Based on the image retrieval process, pretrained CNNs have been used to extract features in various reports to overcome the semantic gap and manage large datasets [3,5,8]. A pretrained CNN model has been reported to provide a higher retrieval accuracy than handcrafted feature extraction techniques [9,10]. The features learned from a pretrained CNN model can effectively serve as a generic model of the visual world. Therefore, the model can be used for various computer vision problems. The transfer learning method is a better solution for image recognition compared to training a network with millions of parameters or developing new paradigms from scratch [11]. Several research works have recently applied transfer learning to some pretrained CNNs, such as VGG [12,13,14], Res-Net [15], GoogLeNet, Inception [16], MobileNet [17], AlexNet [18,19,20], and DenseNet [21]. Fine-tuning a pretrained model for a new task is an efficient transfer method to fill the various knowledge transfer gaps for CNN models [22]. In the standard transfer learning example, a model is trained with a large quantity of data and learns model parameter weights. The model is then integrated with a new model for the target task, which can be learned with pretrained weights and fine-tuned on the target dataset [23]. Previous research has used transfer learning for ikat woven fabric image retrieval, but the top-5 and above accuracy is still low [24]. Research on the retrieval of ikat woven fabrics has been carried out by several researchers using handcrafted features. However, the number of datasets is limited, and the accuracy is below 90% [6,7]. For feature indexing and binary conversion, developing hashing algorithms also increases query time due to the generation of numerous images [15]. In the similarity measurement model, the utilized methods were the Euclidean and Hamming distances, cosine similarity, and Manhattan [8,9,10,25].

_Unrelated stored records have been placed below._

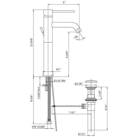 LaToscana Elba Brushed Nickel Tall Single Lever Handle Lavatory Vessel Faucet
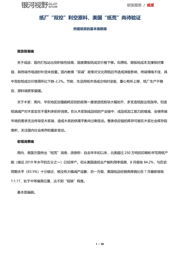 【银河期货】【20210924】挖掘纸浆的基本面数据:纸厂“双控”利空原料,美国“纸荒”尚待验证-50页
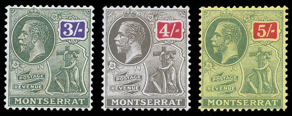 Montserrat, 1922-29, King George V, ¼d to 5s complete, Multiple Script CA watermark (SG 63/83. Scott 54-74), set of 21, Feinst. SG £110 ($140). Scott $130.
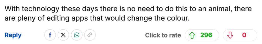 " 以现在的科技,根本没必要这样对待一只动物,有那么多可以改色的 P 图 APP。"
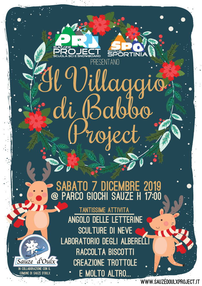IL VILLAGGIO DI BABBO PROJECT - La Scuola Sci Sauze Project, in collaborazione con il Comune di Sauze d’Oulx, organizza il “VILLAGGIO DI BABBO PROJECT” con tante attività e divertimento. Ore 17.00 presso Parco Giochi Comunale
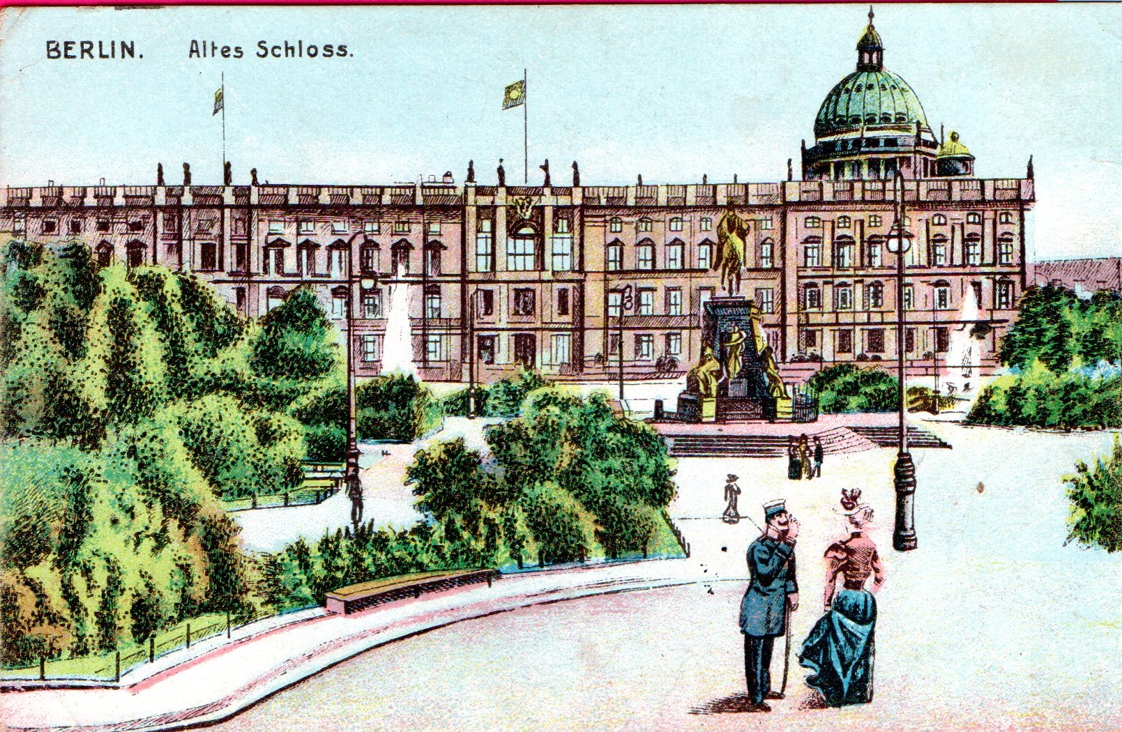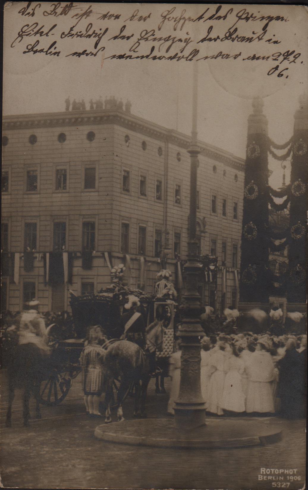 Der zweite Sohn des deutschen Kaisers Wilhelm II., Prinz Eitel Friedrich, heiratete am 27.2.1906 in Berlin Sophie Charlotte von Oldenburg. Die Ansichtskarte zeigt den Einzug der Braut in Berlin vor einem Teil des königlichen Stadtschlosses.

However, for images with many complex patterns and textures, the image retrieval accuracy of complex patterns and textures is lower than that for images with numerous colors [8,22,23,25,26]. In addition, there are large feature dimensions [27,28] and high computation times [29,30]. This study built a fabric dataset with complex patterns and textures. Furthermore, CBIR is designed with a modified CNN according to the characteristics of the dataset to increase retrieval accuracy. The proposed CBIR model will be useful for ikat woven fabric artisans and trade promotions.

In this study, the advantages of the CNN method for feature extraction are used and adapted to the dataset’s characteristics. This research was conducted in several steps: (1) the pretrained CNN model was evaluated and fine-tuned on new datasets, (2) a modified CNN architecture was used as a feature extractor, and (3) the training and retrieval processes of both models were evaluated. The contributions of this study can be described as follows:

A new dataset, namely TenunIkatNet, was used to test several pretrained CNN models to determine their image retrieval performance.
A modified CNN architecture model that fits the image characteristics of ikat woven fabrics was created.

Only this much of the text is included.